Ryder, a specialist in the worldwide program to reintroduce the Przewalksi’s horse to its native Mongolian habitat, expressed gratification at the response of the students, especially at their rapt attention during his detailed explanation of genetic application to captive breeding. He included chromosomal studies, introgression, genetic load and other concepts difficult to understand but vital to successful conservation.
“I worked real hard in putting together the presentation and it all becomes worthwhile when you get the response,” Ryder said.
In his talks, the geneticist stressed that the rapid disappearance of tropical rain forests and other habitats harboring numerous species represents a severe threat to the planet’s future biological diversity. He noted that species elimination occurs not just in South America or in Africa, but in the backyard canyons and coastal sage of San Diego County as well, where development takes precedence over conservation.
Ryder pointed out to students that more than 800 species of mammals alone already have been identified as candidates for breeding intervention by zoos and contrasted that sobering fact with the less than 40 breeding programs now being funded by zoos cooperating worldwide.
The protection of animals and ecosystems “is a societal issue and requires citizen participation, not just the word of scientists saying what is right and what is wrong,” Ryder said. For that reason, Ryder said, he is irritated that his new seminar may be a victim of budget cuts.
Gompers teacher Paul Anderson already has plans for the students to follow up on the seminar by “adopting” a species and working up a theoretical process, using the genetic concepts they have learned, to breed and conserve it. Anderson might have the students “adopt” an ecosystem as well.
“These seminars always have the stigma of elitism attached to them,” Anderson said, “which I think is wrong. There is nothing wrong with making these students think.”
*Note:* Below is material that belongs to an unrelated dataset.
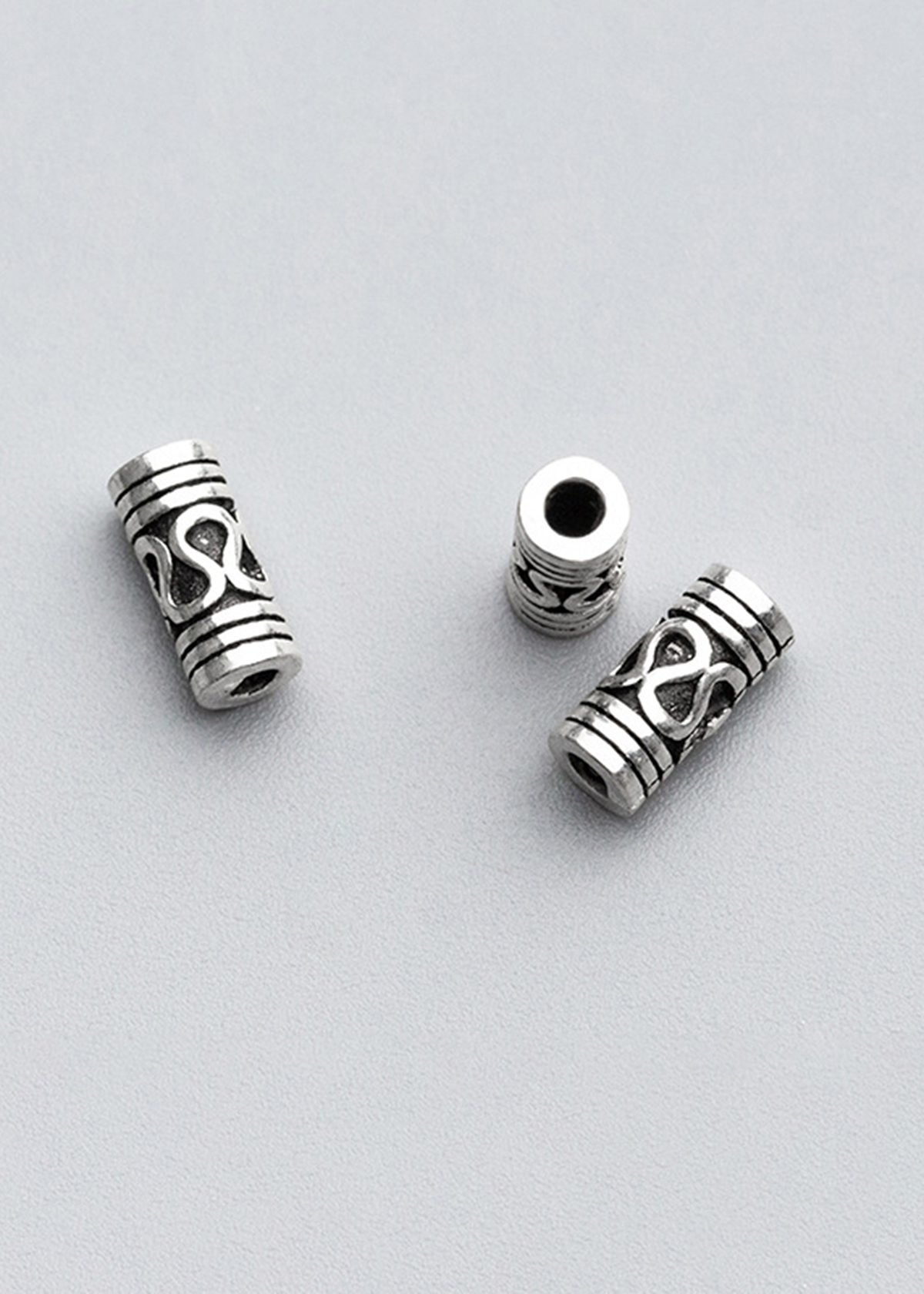 CHARM BẠC CHẶN HẠT HÌNH TRỤ HỌA TIẾT HOA VĂN:

Pat Sumi, an educational consultant who sets up the outside seminars for the school district, said that, through the program, teachers meet experts in many fields who often are asked to speak to other classes, ones not labeled as gifted or advanced.
“GATE affects a lot of kids” in addition to those officially identified as such, Sumi said.
As to the future, she said, “I just don’t know what we will do.”
The entire outside seminar program costs $10,000, but it also depends on transportation and other associated budgets that also are expected to be trimmed in next year’s school district budget. The district is $10.5 million short of the funds it needs to continue current programs at the same level for the 1987-88 school year.
Hearings on the many proposed cuts continue at 3:30 p.m. today at district headquarters, 4100 Normal St.